White Chocolate Cream Cheese Buttercream
This recipe has butter, cream cheese and white chocolate, and is adapted from the classic book, "The Cake Bible," by Rose Levy Beranbaum. The original recipe contains no sugar, so add powdered sugar if you like it a little sweeter. Use quality white chocolate for best results. Compliments carrot and spice cakes well.

9 oz. white chocolate, melted, cooled to room temperature
12 oz. cream cheese, softened
6 oz. unsalted butter, softened
1 1/2 T fresh squeezed lemon juice, or to taste

Beat cream cheese in mixing bowl until smooth. Gradually beat in the melted and cooled chocolate until incorporated. Add in the butter and lemon juice last, beating well until smooth.


Buttery Cream Frosting
This recipe contains only shortening and is adapted from the Crisco brand shortening kitchens.

1/3 cup butter flavored shortening
4 cups powdered sugar
1 1/2 t vanilla
7 to 8 T milk

Cream shortening and add in powdered sugar. Add in the vanilla, and slowly add in enough milk, tablespoon by tablespoon, to reach desired consistency.

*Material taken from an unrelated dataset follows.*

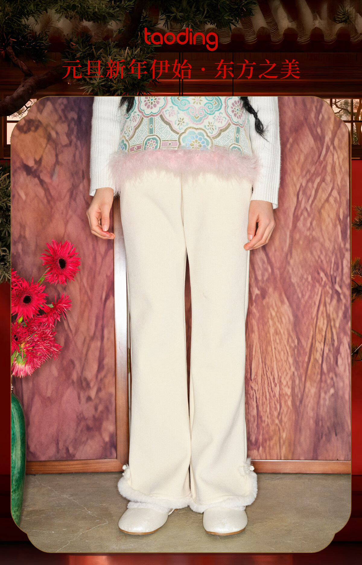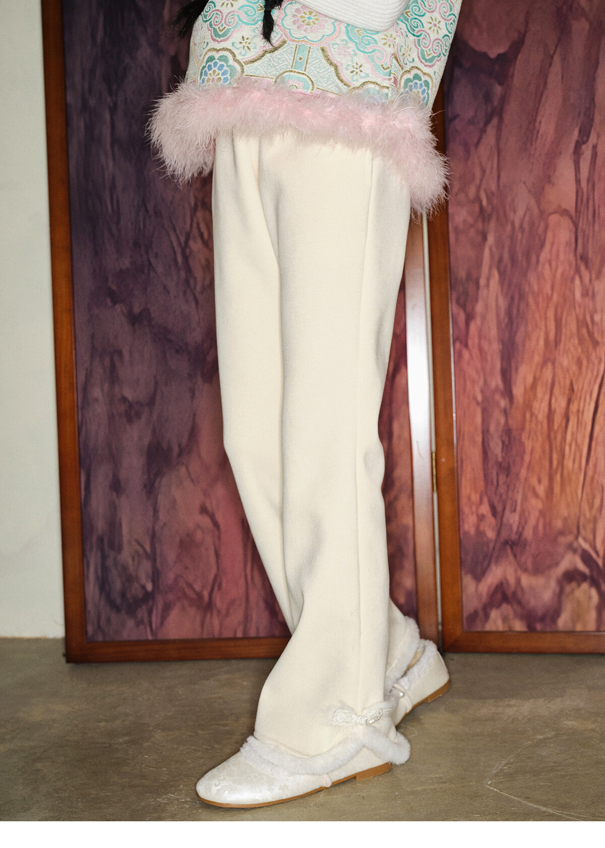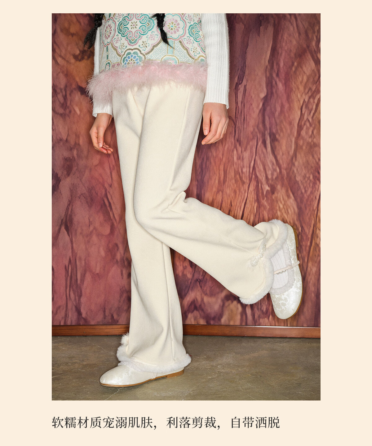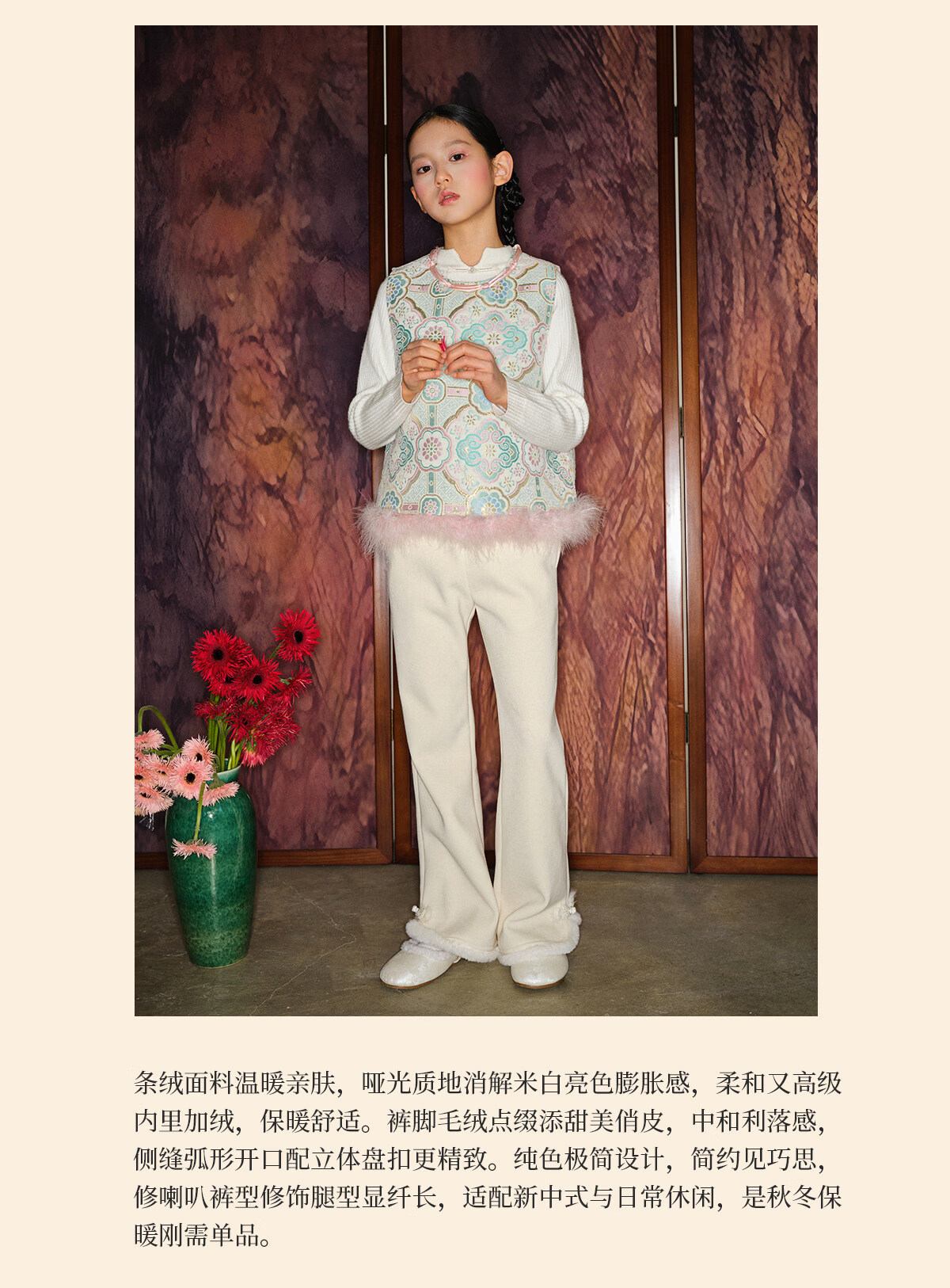 Taoding girls' boot-cut pants for autumn and winter new style children's plush trousers for big children and girls casual off-white plush wide-leg pants white 120 45-50Jin Jin equals 0.5 kg

Continue to beat frosting on high speed for about 5 minutes, or until the frosting is lightening and is very smooth.


Buttercream Icing for Home Decorating
This recipe is adapted from Wilton "Figure Piping." This recipe contains a mixture of shortening and butter. Add more liquid if needing a smoother or softer consistency.

1/2 c shortening
1/2 c butter
2 T cream, milk or water
1 t clear vanilla
1 lb. powdered sugar, sifted

Soften shortening and butter. Mix in the rest until smooth using medium speed, adding in more liquid as needed to achieve desired consistency.

References used and Recipes cited:

Beranbaum, Rose Levy. The Cake Bible. New York: William, 1988.

"Buttery Cream Frosting." Online recipe. Crisco. February 3, 2005.

Gisslen, Wayne. Professional Baking. New York: John Wiley, 1985.

Montagné, Prosper. Larousse Gastronomique: The Encyclopedia of Food, Wine and Cookery. Sixth printing, 1965.
     New York: Crown, 1961.

Recipes from the files of Renee Shelton.

Roux, Michel and Albert. The Roux Brothers on Patisserie: Pastries and Desserts from 3-Star Master Chefs. New York: Prentice, 1986.

Wilson, Dede. Wedding Cakes You Can Make: Designing, Baking, and Decorating the Perfect Wedding Cake. New York: Wiley, 2005

Wilton. Figure Piping: The Wilton Way. Wilton Enterprises, 1979.